*TASK PROMPT*. Every line from the line containing "参加者は12名。親子での参加" through the end of the data is to be reproduced exactly, excluding pictures.

*COLLECTED DATA*.

__________________________________________________

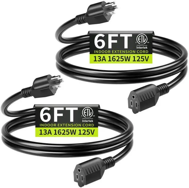 This 16AWG 6ft-2pc heavy duty extension cord is the ideal solution for home and office. Whether you need a stable power source for vacuum cleaner, chandelier or TV, this flexible black extension cord will meet your needs. Featuring high quality pure copper conductors to ensure safe and reliable use, the NEMA 5-15P/R configuration makes for a strong connection, making it an indispensable addition to your life
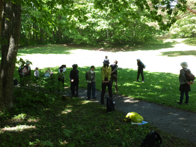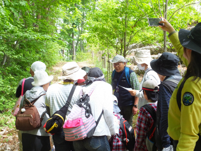 参加者は12名。親子での参加も多く、晴れ渡る空の下散策やネイチャーゲームを楽しみました。
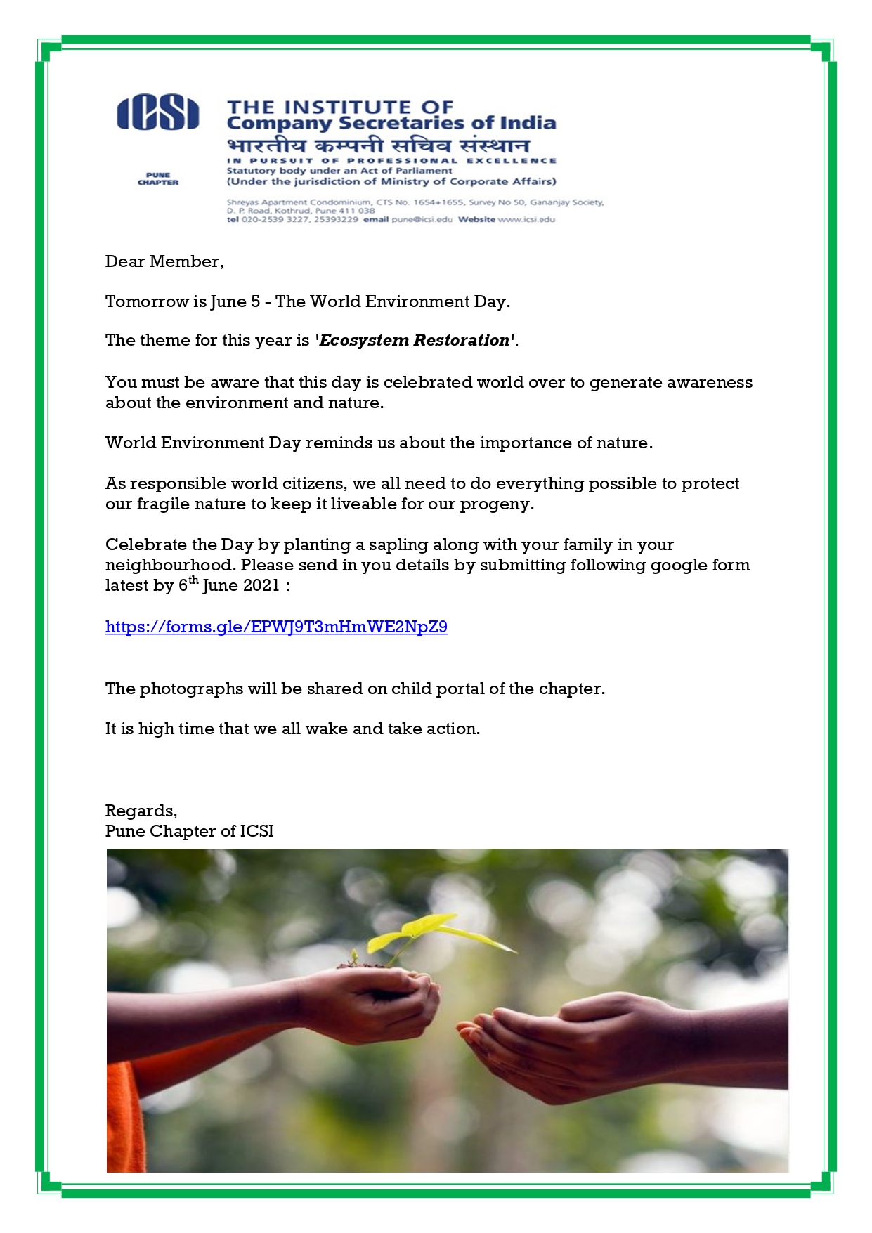 Celebrate the Day by planting a sapling along with your family in your neighborhood. Please send in you details by submitting following Google form latest by 6th June 2021 :

__________________________________________________

*EXPECTED ANSWER*.
 参加者は12名。親子での参加も多く、晴れ渡る空の下散策やネイチャーゲームを楽しみました。
 Celebrate the Day by planting a sapling along with your family in your neighborhood. Please send in you details by submitting following Google form latest by 6th June 2021 :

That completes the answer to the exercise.